Dans l'univers opaque du cyberespace, la frontière séparant les alliés des ennemis s'efface pour ne laisser que des adversaires, mus par des intérêts aussi divers que variés. Tel pourrait être l'enseignement de la longue enquête publiée ce jour par L'Express, qui revient sur l'attaque informatique critique qui a frappé le réseau informatique de l'Élysée et dont l'existence n'a été révélée que cet été.
Car l'origine de la cyberattaque qui a touché le cœur de l'exécutif français n'est pas un lointain pays dictatorial ou une obscure théocratie. Selon l'hebdomadaire, c'est un État de droit séculaire qui est à l'origine de l'agression. Pire, ce sont même les États-Unis, le plus vieil allié de la France, qui ont organisé l'attaque contre les services élyséens, afin d'y dérober une multitude de documents.
Pourquoi l'Amérique s'attaquerait-il à la France, alors qu'il a déjà fort à faire avec tant d'autres pays à travers le monde ? "Vous pouvez être en très bons termes avec un 'pays ami' et vouloir, en même temps, vous assurer de son soutien indéfectible, surtout dans une période de transition politique", explique à L'Express une source proche du dossier, dont l'anonymat a été respecté.
Dans cette affaire, c'est la naïveté des employés de l'Élysée qui est regrettable. D'après L'Express, les assaillants ont simplement fait de l'ingénierie sociale (se faire passer pour des amis sur Facebook) et mis en place une fausse page web de l'intranet du palais présidentiel pour hameçonner les identifiants et les mots de passe.

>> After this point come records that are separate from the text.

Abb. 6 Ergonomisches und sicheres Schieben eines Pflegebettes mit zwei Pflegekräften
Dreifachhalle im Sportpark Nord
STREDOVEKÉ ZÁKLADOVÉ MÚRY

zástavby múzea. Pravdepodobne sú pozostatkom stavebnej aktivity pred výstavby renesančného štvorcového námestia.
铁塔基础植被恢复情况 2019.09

En les incitant par message privé à s'y connecter, ils ont ainsi pu récupérer les données.
Difficile de faire plus simple. En revanche, la seconde partie de la cyberattaque a mis en œuvre des programmes plus complexes, avec l'emploi d'un code malveillant utilisant les mêmes fonctionnalités qu'un ver informatique extrêmement puissant, baptisé Flame. Ce ver aurait été développé conjointement par les USA et Israël afin d'affecter le développement nucléaire de l'Iran.

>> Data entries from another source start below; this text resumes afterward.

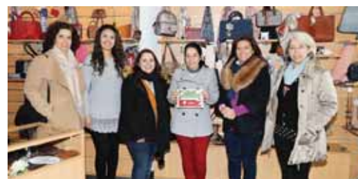
➤ PASSATEMPO DE NATAL
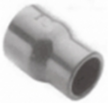
REDUCCION COPA PVC SCH-80

REDUCCION BUSHING SCH-80 PVC [Detalles producto...]
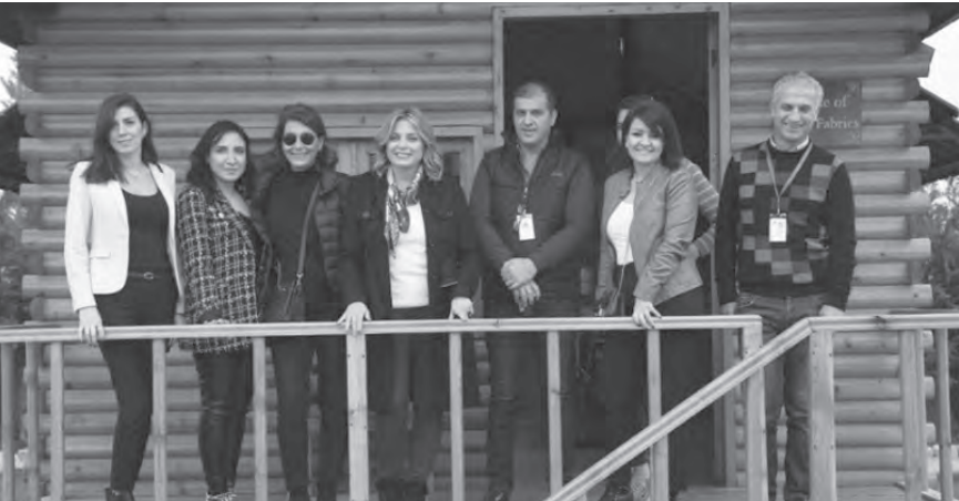
خلال الجولة في بعلبك

٥٥٠ وجبة غذاء مجانية يومياً للأسر في المنطقة، و«مؤسسة فلورا» وهي عبارة عن معمل لتصميم وإنتاج الملابس الجاهزة يعمل فيه رجال ونساء من بعلبك. واختتمت نشاطها بزيارة القرية الزراعية التي تهدف إلى تطوير القطاع الزراعي ودعم المزارعين وتأمين التدريب المهني للعاملين والحاملات في الزراعة، والتي تضم ١٤ مهندسة زراعية.
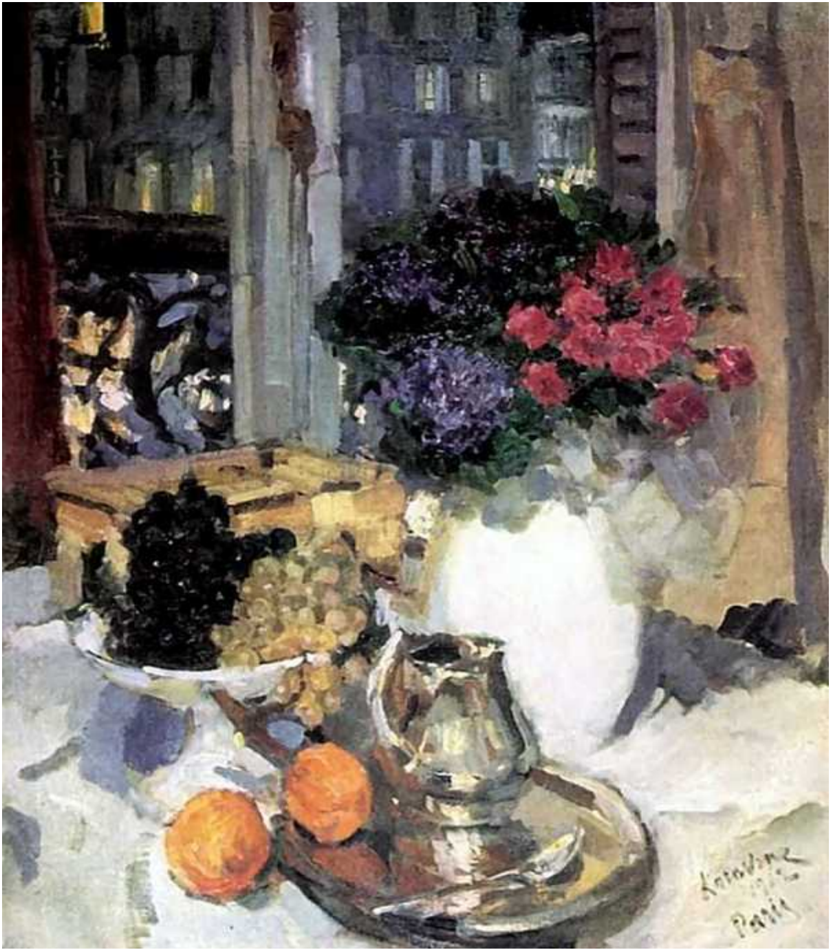
Կոնստանտին Ալեքսեևիչ Կորովին
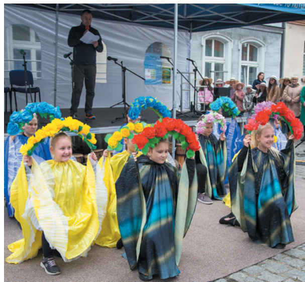
Część artystyczna w wykonaniu uczniów gminnych szkół

Parmi les victimes du ver informatique se trouve Xavier Musca, secrétaire général de la présidence de la République française du 27 février 2011 au 15 mai 2012. Peu d'ordinateurs auraient été touchés, mais cela a tout de même permis aux USA de récupérer "des notes secrètes […] sur des disques durs, mais aussi des plans stratégiques". Nicolas Sarkozy, peu féru d'informatique, n'a pas été touché.

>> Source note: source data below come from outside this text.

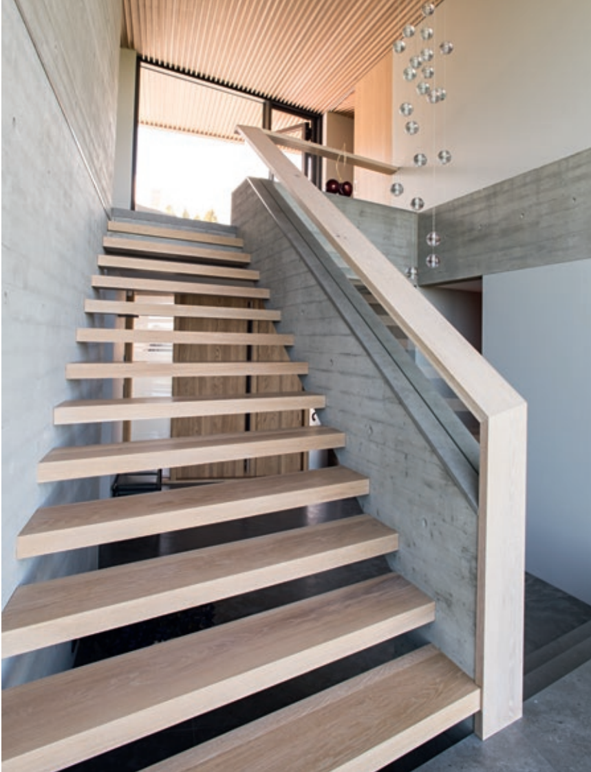
Trapp opp til suite i øverste etasje med stue, soverom, bad og garderobe
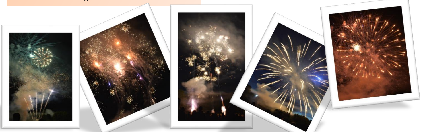
Feu d'artifice intercommunal, tiré le 15 juillet 2017 à l'Espace de Vienne à Chemillé sur Dême
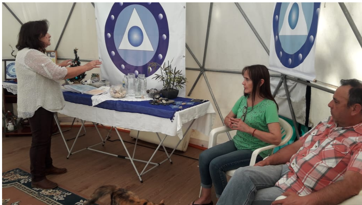
Belankil Casa Tseyor de Maquehue, Un Trato Amable La Pm, durante la ceremonia de energetización, a su lado Guardando Fuerzas La Pm, y Donde Quieras La Pm
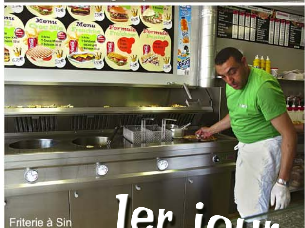
Friterie à Sin
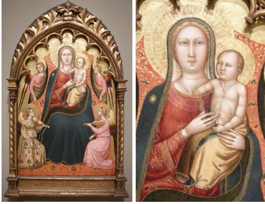
Fig.13: Lorenzo di Bicci, Meryem ve Çocuk İsa Meleklerle , 14.yy, Ahşap Üzerine Tempera ve Altın Kaplama, Panel, (81,3 x 54,3 cm), Fine Arts Museums of San Francisco (FAMSF), USA. 75

Böylelikle Çocuk İsa'nın bir homunculus formu ile betimlenmesine dair örnekler, beden gelişkinliğine, güçlülüğüne ve insan üstü özelliklerine odaklanarak devam eder. Ferrera'ya (1441-1461) ait örnek, Çocuk İsa'yı geleneğe uygun olarak annesinin kucağından uzağa yerleştirir. (Fig.14) Bu bedensel mesafe, Schiller tarafından Doğum sahnelerindeki anne ve bebeğin arasına giren bedensel mesafenin yorumlanması bağlamında ele alınabilir. 76 Bedensel olarak artık kucaklanmayan Oğul, Kutsal Çocukluk ile, bireysel olarak ayakta durur, sol elinde evrenin küresini tutar ve sağ eliyle takdis işareti yapar biçimde, kitabın da yerleştirildiği bir platformun üzerindedir. Çocuk İsa, portrecilik bağlamında doğrudan çocuksu niteliklerle betimlenirken, bedeninde işaret edilen kas grupları, yetişkinliğe vurgu yapar.
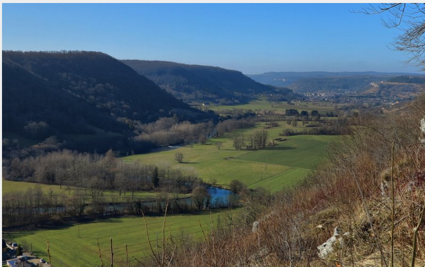
Belvédère de la Thuyère
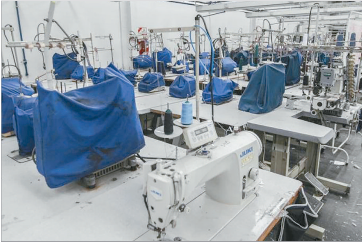
La industria textil se contrajo 36% desde 2023

La apertura importadora, la caída del consumo y el aumento de los costos son la causa de la crisis del sector
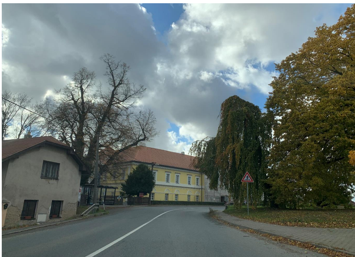
Obr. 16: Průtah silnice I/34 obcí Věž
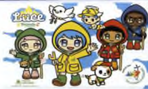
Infopoint Svatého roku - Chrám sv. Petra: Svatá brána vykoupení - oficiální maskot Svatého roku: "Luce"
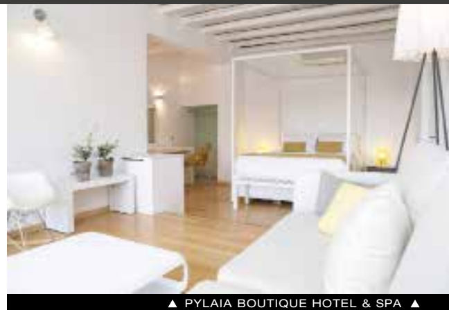
▲ PYLAIA BOUTIQUE HOTEL & SPA ▲
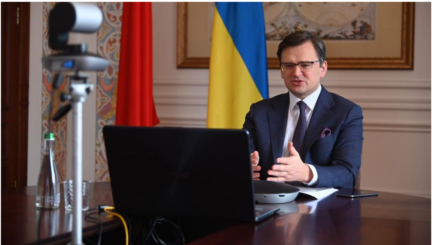
Из-за пандемии международные переговоры министр иностранных дел Украины Дмитрий Кулеба проводит в режиме видеоконференции.

Коронавирус и сопутствующий ему экономический кризис всё сильнее сказывается на украинской политике и экономике. На фоне дефицита ресурсов обостряется борьба между политическими группировками. Усиливается противостояние между миллиардерами Ринатом Ахметовым и Игорем Коломойским. Критически необходимой становится финансовая помощь Запада. Вместе с тем если в вопросах безопасности и политической поддержки Вашингтон и Брюссель солидарно поддерживают Киев, то в экономической сфере ставят условия. Реформы и прозрачность должны стать гарантией того, что макроэкономическая помощь не уйдет в карманы украинских олигархов.
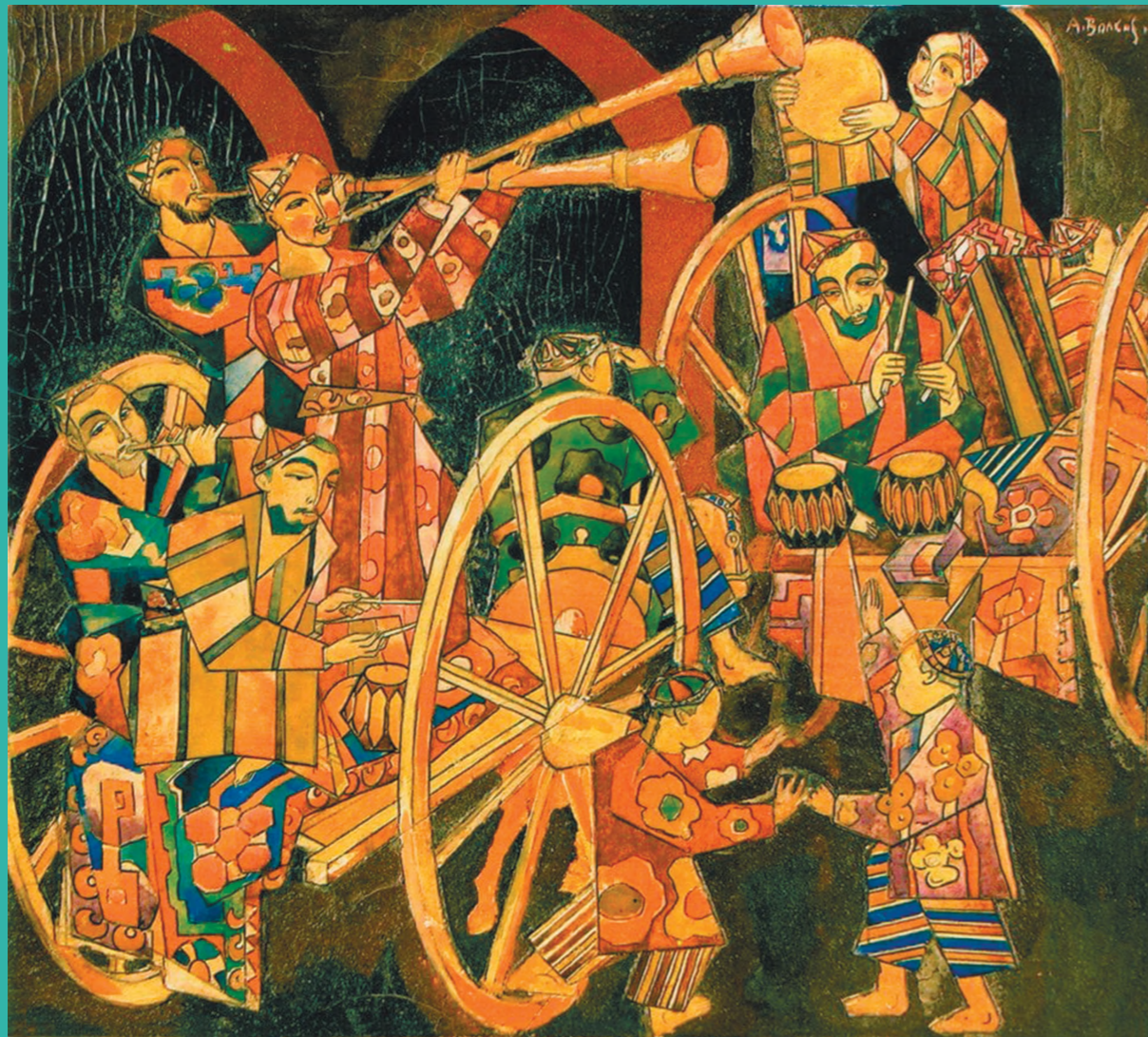
Александр Волков. “Ўзбек байрами” 1926/1927 йй. Александр Волков. “Узбекский праздник” 1926/1927 гг. Alexandr Volkov. “Uzbek holiday” 1926/1927

Ni l'Élysée ni l'ANSSI n'ont commenté l'article de L'Express. Mais vu la complexité de l'attaque, l'ANSSI ayant mis plusieurs jours à nettoyer le réseau informatique du palais présidentiel, seule une poigne de nations avait la capacité de mettre en place une telle attaque : la Chine, la Russie, Israël, certains pays européens… et bien sûr les États-Unis.